Organ-on-Chip expert, Peter Loskill, unequivocally answered whether the use of experimental animals in biomedical research can be ended with a yes, albeit not in the near future, with a focus on human biology research. In his argumentation, he particularly pointed out the limitations of animal models, especially regarding the transferability of results to humans. He emphasized that although an abrupt ban on animal experiments would currently pose a drastic obstacle to biomedical research, the technologies to reduce and replace them are already available. This is evident, especially in the pharmaceutical industry, which, unlike academic research, is driven by economic constraints regarding the transferability of results to humans and where a decrease in the use of animal models can be observed. Among the problems in academic research, Peter Loskill particularly highlighted the entrenched use of experimental animals and the associated rigid habits and dogmas.

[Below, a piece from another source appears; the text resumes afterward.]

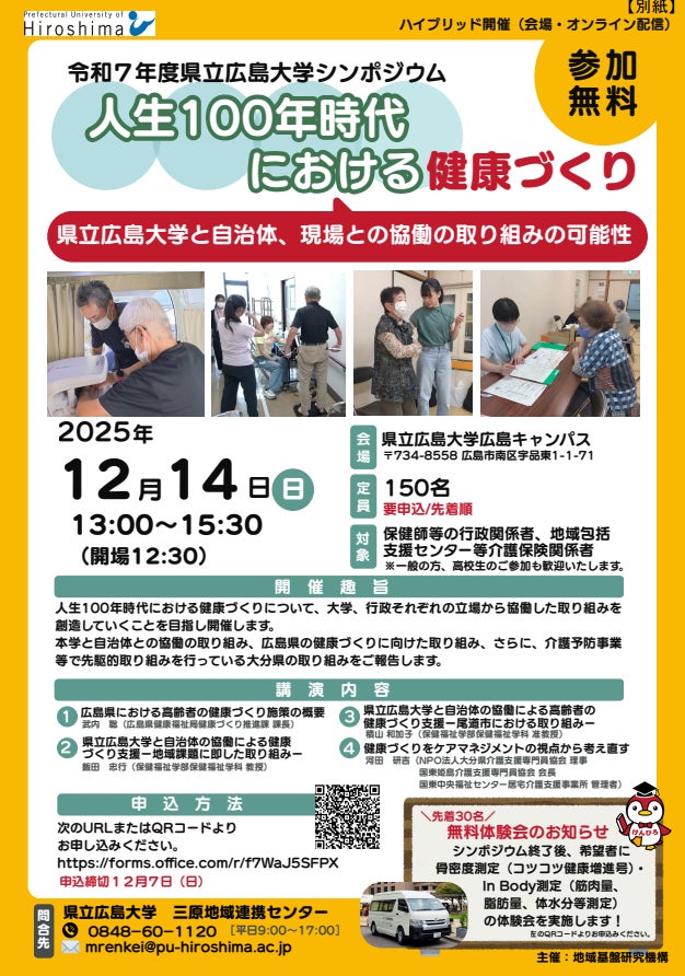 県立広島大学(学長:森永 力、広島市南区)では、この度、本学と自治体、広島県が進めている健康づくりに向けた取り組みを報告する場として、令和7年12月14日(日)にシンポジウムを開催します。

To work towards a consistent replacement of animal experiments, it is necessary to move discussions away from extremes (“All animal experiments currently conducted are necessary” vs. “Immediate ban on all animal experiments”) and take measures to promote the development, implementation, and use, as well as the regulatory acceptance of alternative models. It is essential to provide scientists in the fields of biomedicine, pharmacy, and toxicology with easy access to alternative models and the necessary know-how. Additionally, the regulatory process for animal studies must be adapted and expanded to centrally involve experts in in vitro and/or in silico models.

Peter Loskill emphasized that these measures are a prerequisite for any type of ban and for contributing to a more human-centered research approach.